Nikita_
Nikita - I don't share your fatalistic vision of Tarot or life. No Pollyanna here - believe me - but Death is not an ending. For physical life it is - everything that lives must die - even things like the Sun will die out someday. But Death in a Tarot reading ... it's a signpost, a milestone, a cycle never-ending.
Is the disgustingly Pollyannic naïve hopefulness of The World card the be-all and end-all of peace, love, and the dawning of the Age of Aquarius?

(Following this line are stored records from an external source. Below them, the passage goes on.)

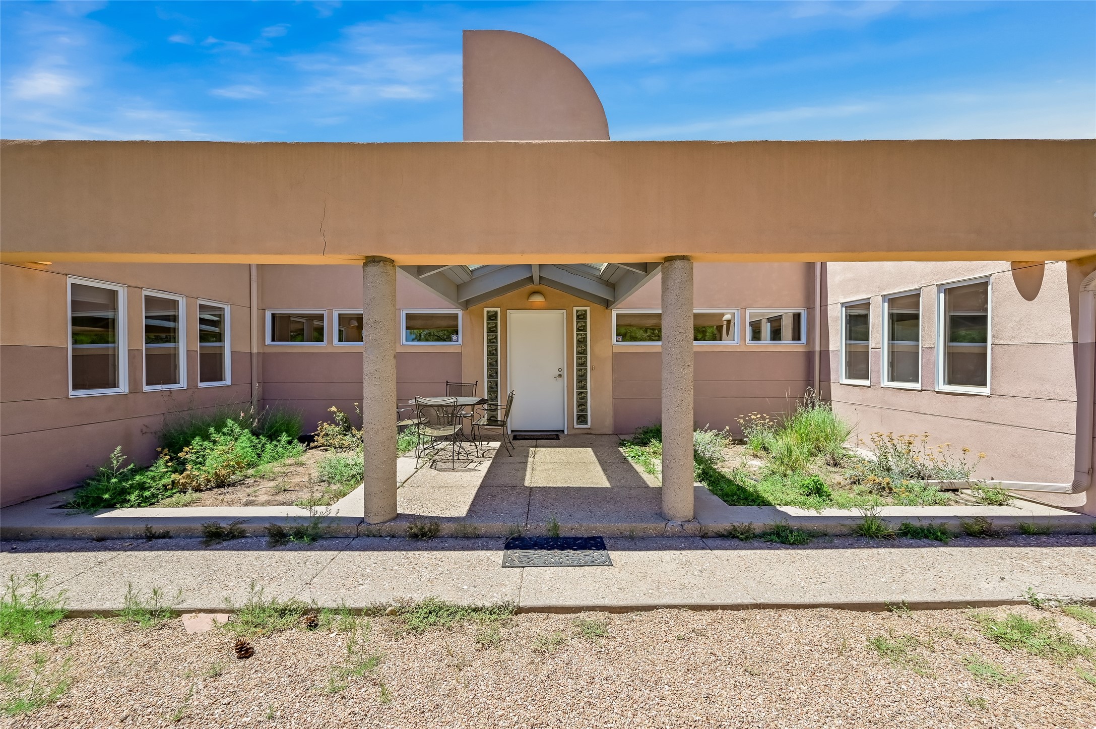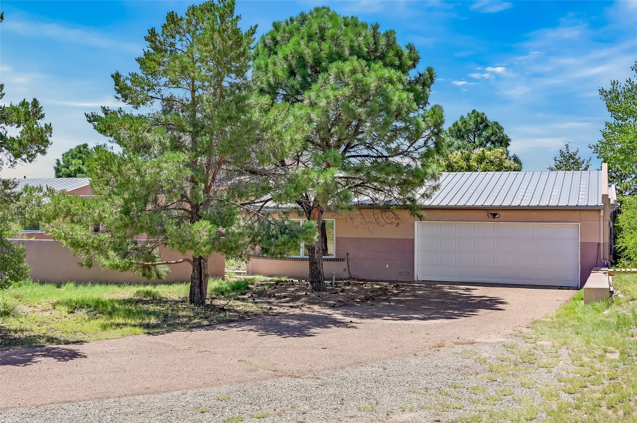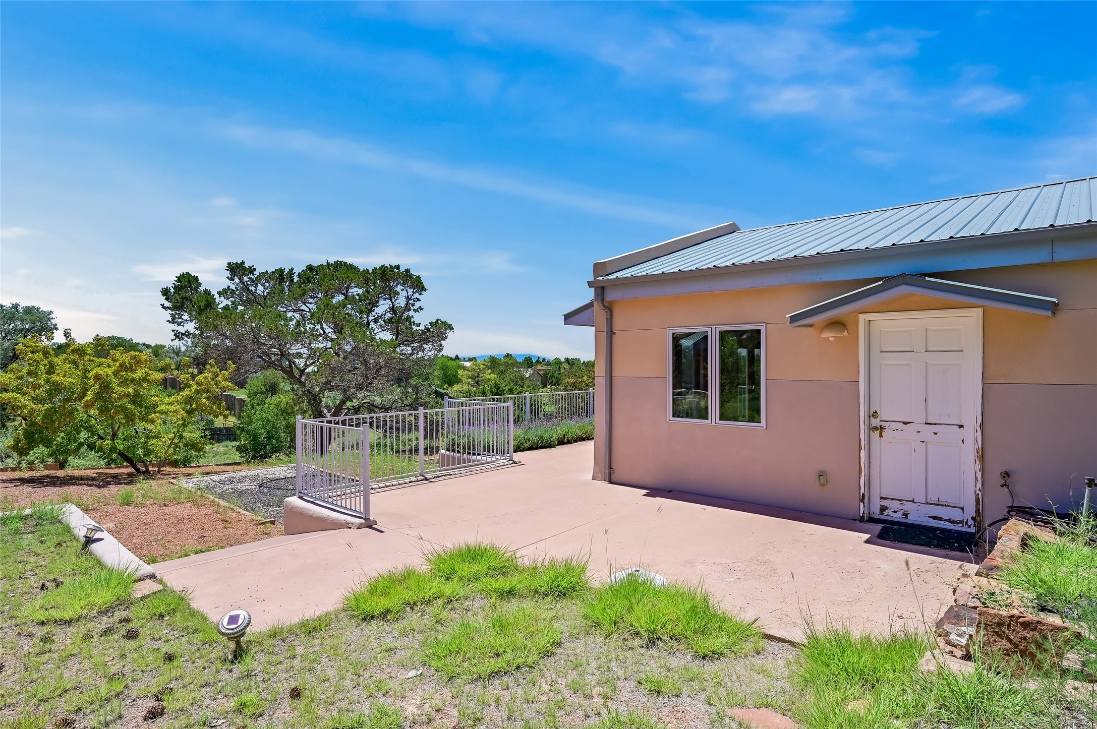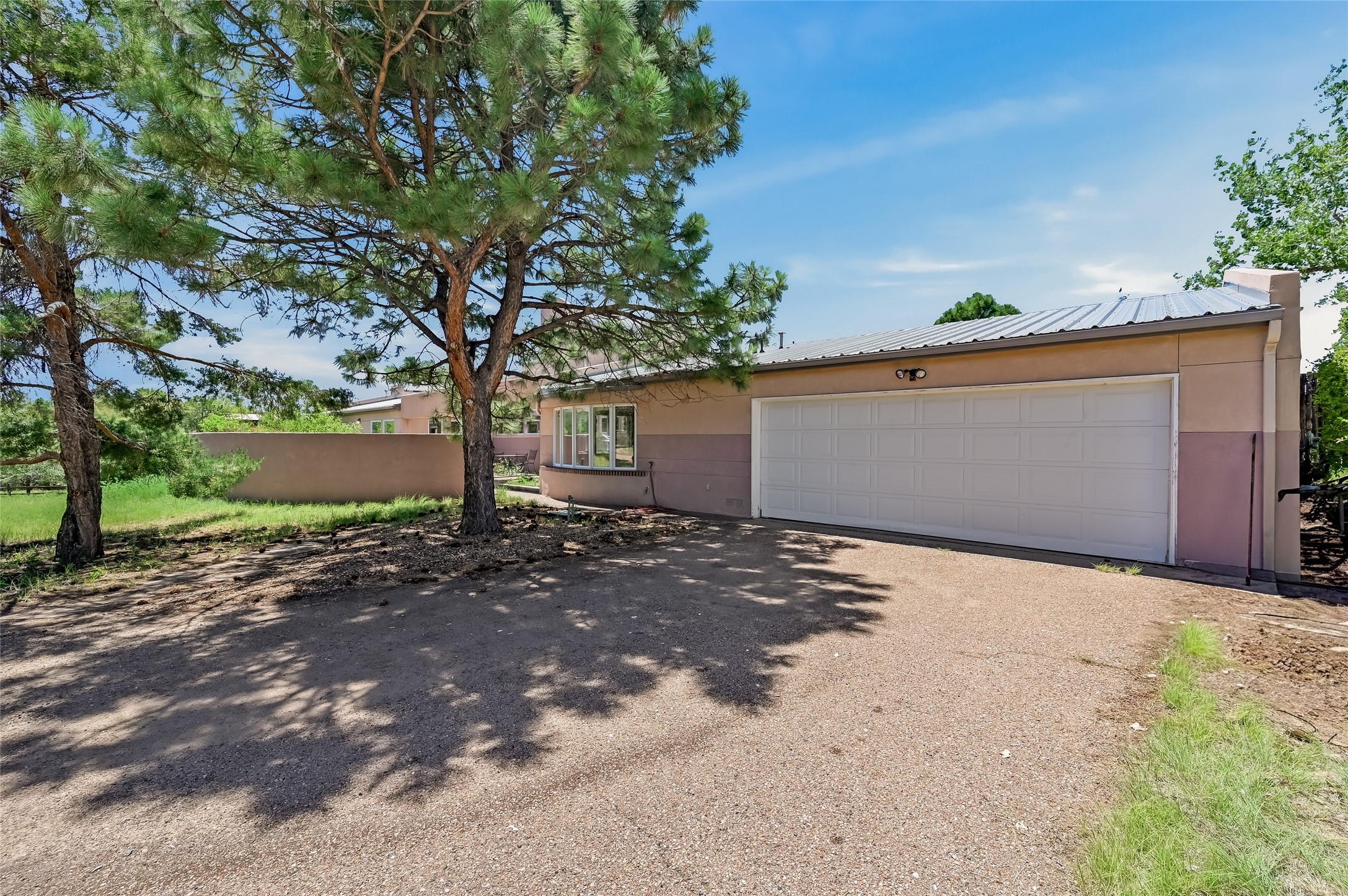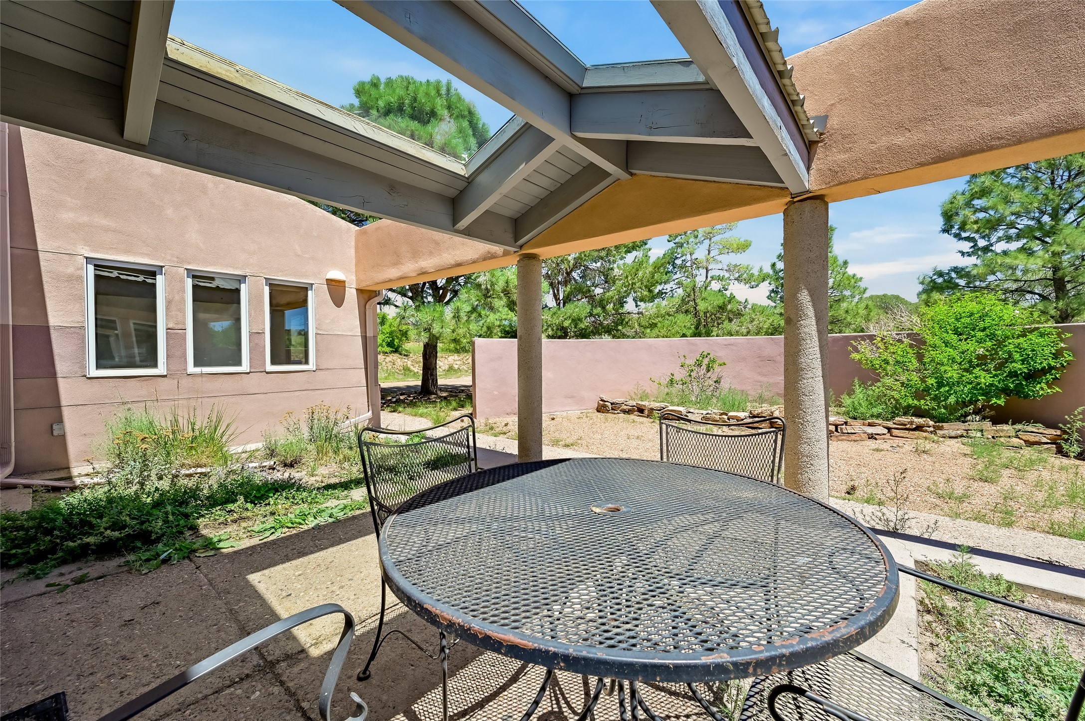 Income-producing property just 15 minutes from Downtown Santa Fe (3 mins. to St. Vincent's, close to shopping and the Rail Runner). Situated on a private 1-acre lot, this unique compound features a 3-bedroom main house designed with passive solar principles. The fully detached 2-bedroom guest house has its own entrance, kitchen, and bath-ideal for rentals, a guest suite, studio, or private office. Mature trees surround both homes, providing peace, privacy, and scenic beauty. The sustainability, and potential. Perfect for investors or multigenerational living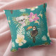 Here's a bright, colorful and happy pillow that kids and adults both will love! It features a tropical design with a cute koala bear, toucan bird, pink hibiscus flower and tropical leaves, with a smattering of gold confetti flakes. Everything is placed on a pretty teal green background. The pattern is repeated on the back side of the pillow.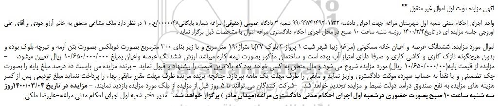 "آگهی مزایده نوبت اول اموال غیر منقول "
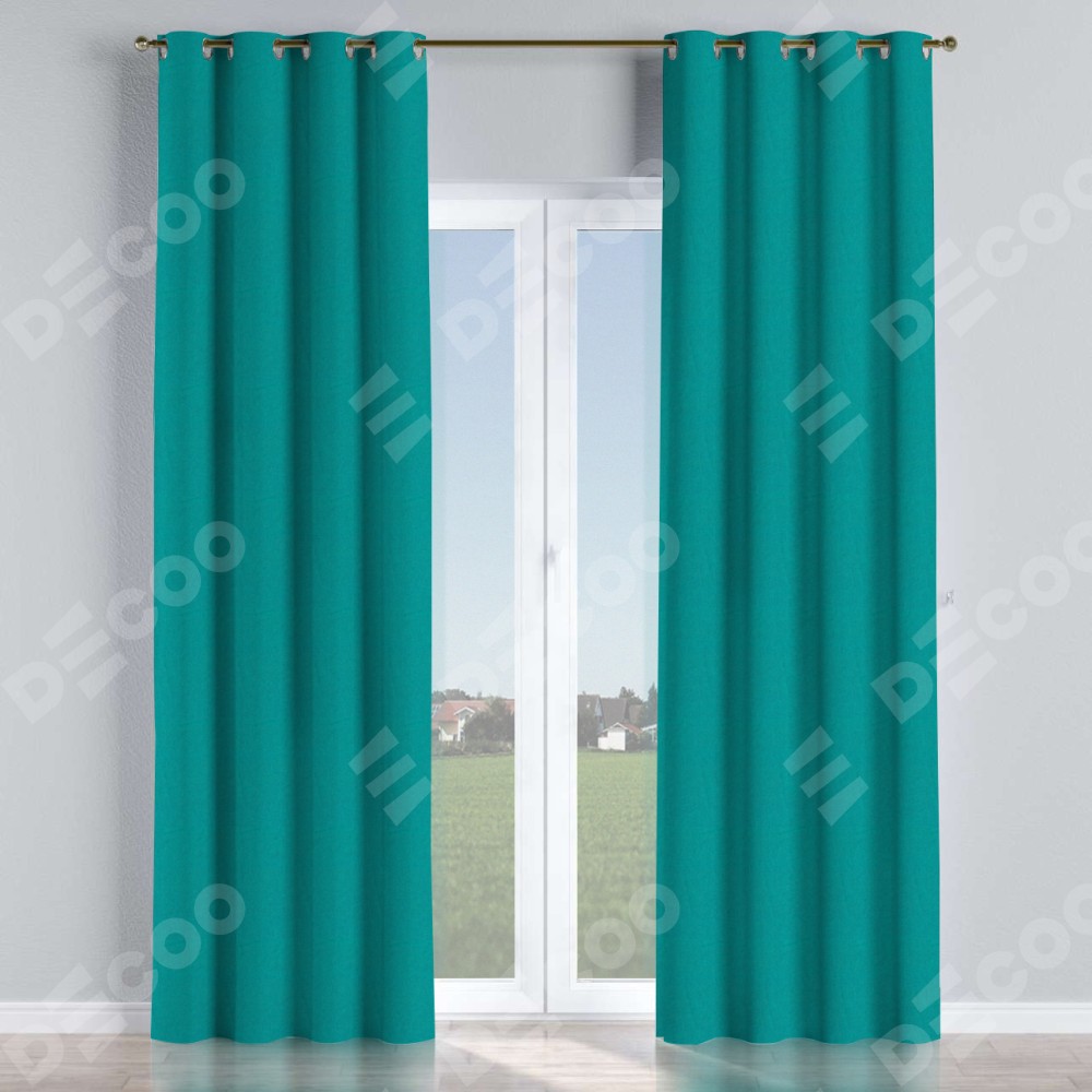 Комплект прямых штор, от производителя «Cortin», пошиты из ткани лён димаут тёмно-бирюзовый, артикул ткани 318. Данная модель пошита на люверсах, комплектуется на выбор круглым карнизом и подходит для монтажа на стену или потолок. Прямые шторы на люверсах шьются по стандарту с коэффициентом 1/2 (на 100 см. ширины проёма 200 см. ширины ткани), отличительным преимуществом данной модели является простой способ монтажа. Достаточно повесить ее на трубу и штора готова!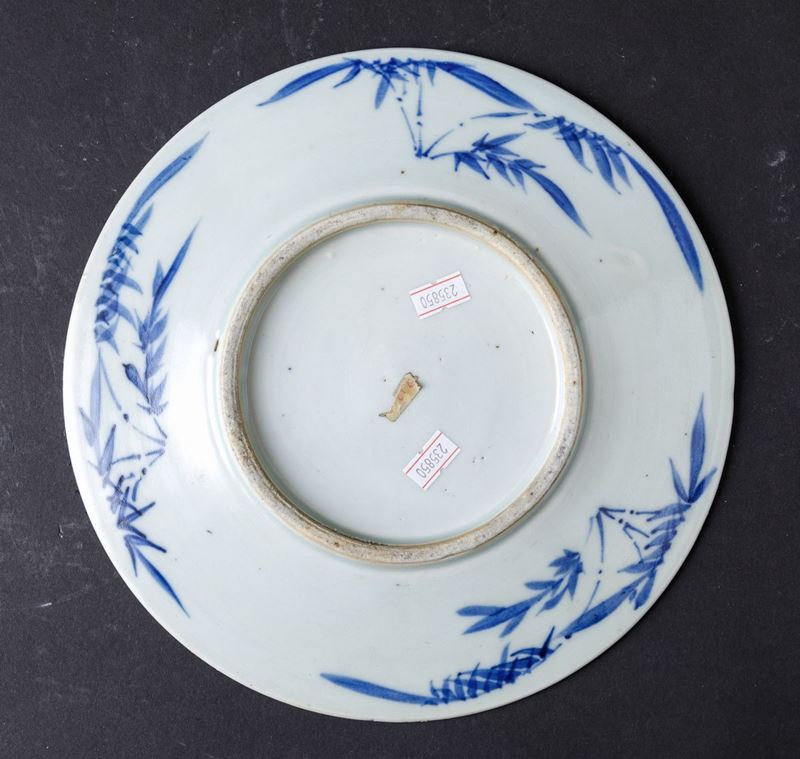 Piatto in porcellana bianca e blu con decori floreali e uccellino tra i rami, Cina, Dinastia Qing, XIX secolo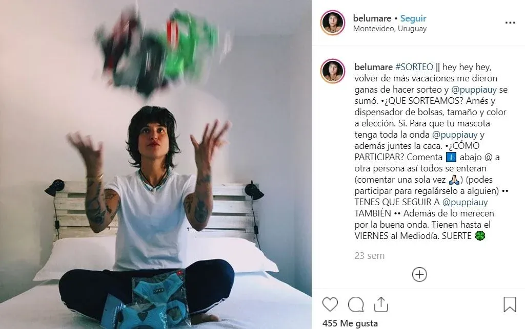 La comunicadora tiene 16.000 seguidores en Instagram y ha trabajado con marcas como Puppia Uy (indumentaria para perros), Lucky Star Tatuajes, Yves Saint Laurent y Mercado Libre.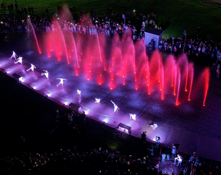 El gran atractivo de la inauguración fue la fuente de aguas danzantes, una propuesta tecnológica que combina luces y música. Según el intendente, el impacto visual nocturno de la obra junto a la barda iluminada es comparable a destinos turísticos de renombre.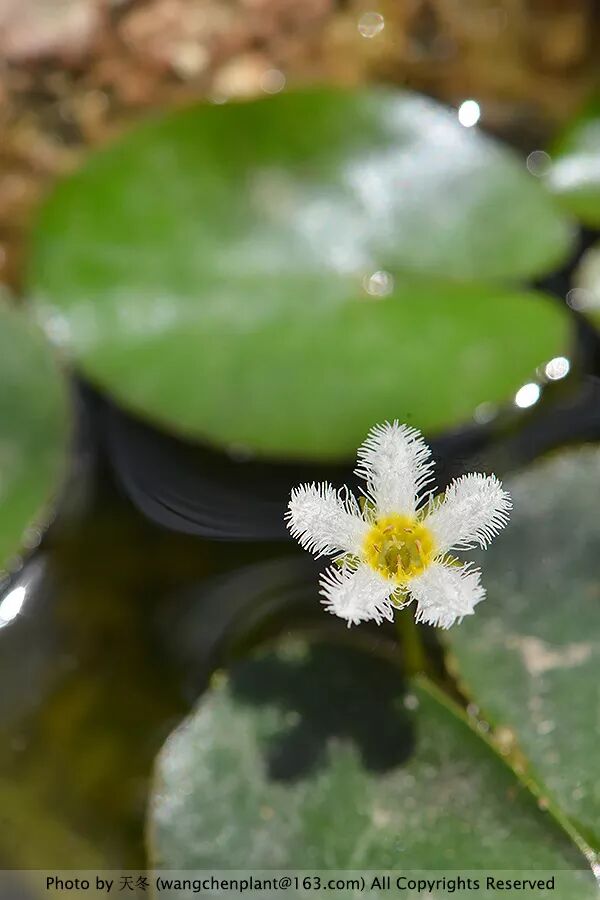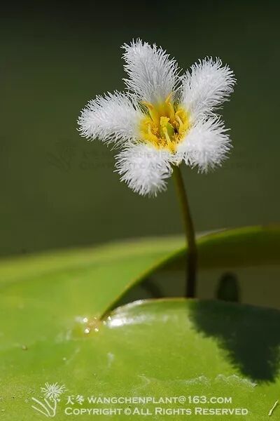 此外,曾在短暂出现在市场中的,还有原产于亚洲热带地区的钝齿莕菜N. crenata。钝齿莕菜花冠浅黄色,也有流苏状毛。这个不太好养,需要的水域比龙骨瓣莕菜还要大些,而且喜爱高温。我自己种过,北方室内过冬有点难。曾经见过有卖,不多。
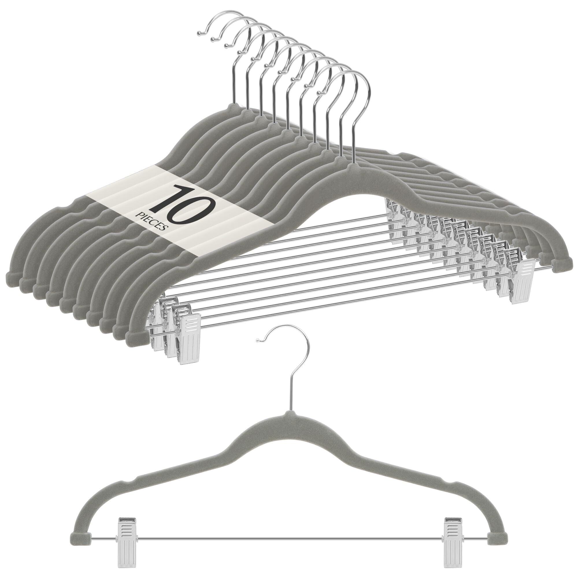 \【◆【限定】チチロバ(Titirba) ハンガー すべらない かたくずれ防止 クリップ スリム 軽量 ベルベット製 10本組 グレー!】/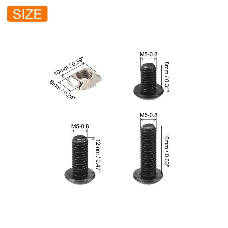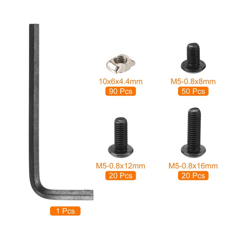 - Specification: Material: Carbon Steel; Thread Size: M5-0.8; T Nut Size: 10x6x4.4 mm / 0.39x0.24x0.17 inch (LxWxT) -40Pcs; T Sliding Nut Size: 11x10.2x5mm / 0.43x0.39x0.20 inch (LxWxT) -40Pcs; Hexagon Socket Screws Length: 10mm/0.39inch -40Pcs; Hexagon Socket Screws Length: 10mm/0.31inch -40Pcs; Washers x 40Pcs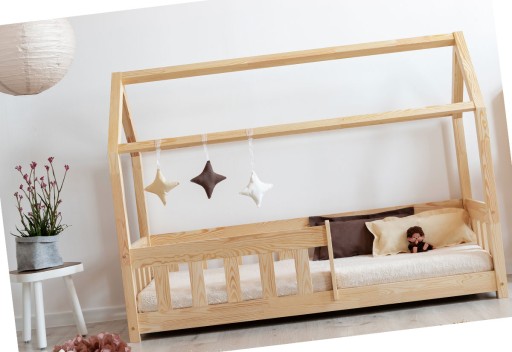 Zdrowy i bezpieczny sen to to, co każdy rodzić pragnie podarować swojemu dziecku. Ponieważ w łóżku spędzamy minimum 1/3 życia warto zadbać o to, aby nie tylko wyróżniało się ono wspaniałym designem, ale także wysokim komfortem. Drewniane łóżko dziecięce domek Rikko to idealna propozycja zarówno dla dziewczynki jak i chłopca. Delikatna, wyróżniająca się prostymi liniami forma doskonale wkomponuje się w różne style oraz dopasuje się bez problemu do całej gamy barw. Stawiając na naturalny design unikniesz szybkiego znudzenia się wyglądem łóżka i dopasujesz je w każdej chwili do wybranej tematyki wnętrza. Zamocowane wokół barierki sprawiają, że Rikko jest niezwykle bezpieczne dla najmłodszych, a stelaż tworzący daszek domku zapewnia doskonałe miejsce na zamocowanie wyjątkowych dekoracji, które sprawią, że wnętrze nabierze wyjątkowego charakteru. Nie szukaj dłużej idealnego łóżka dla Twojego malucha, Rikko to najlepsze co możesz mu podarować!

It, too, has a cycle and is a circle ...
It's not me having a fatalistic vision of tarot, I have studied the cards for many years, read extensively on this subject, and known scores of tarot readers-and done a lot of readings, for myself and others-and the idea of Death being an ending, the physical or metaphorical end of something with no return, is not mine....Yes, the Sun and the stars and everything else will die one day, but not here and not now, wheres when Death comes up in a reading, there is definitely something dying, here and now....and if it means change, it only does that insofar as it is a change from something being alive, to something no longer being alive....and this is not me being gloomy and dark and pessimistic and fatalistic; it's just the way things are....And as for the Pollyannic view of life you mentioned-which I personally don't see in the World at all the way you described it-the World is the closing of a circle, a chapter, with the possibility of moving on to something new, that's all-this pollyannic view is very popular these days in a lot of new age circles where people embrace the philosophy that everything is always for the best, everything is good and beautiful, pain and suffering are a great experience, and so on....that's all it is, to me...a Pollyannic view of life, a refusal to accept things for what they are, an unrealistic vision and view of life....a refusal to acknoledge that death is just that, Death... and that not everything that happens in life is good, or positive, and not every cloud has a silver lining, and so on....that's my view of things, of course, and I simply call it realistic ( as opposed to pollyannic).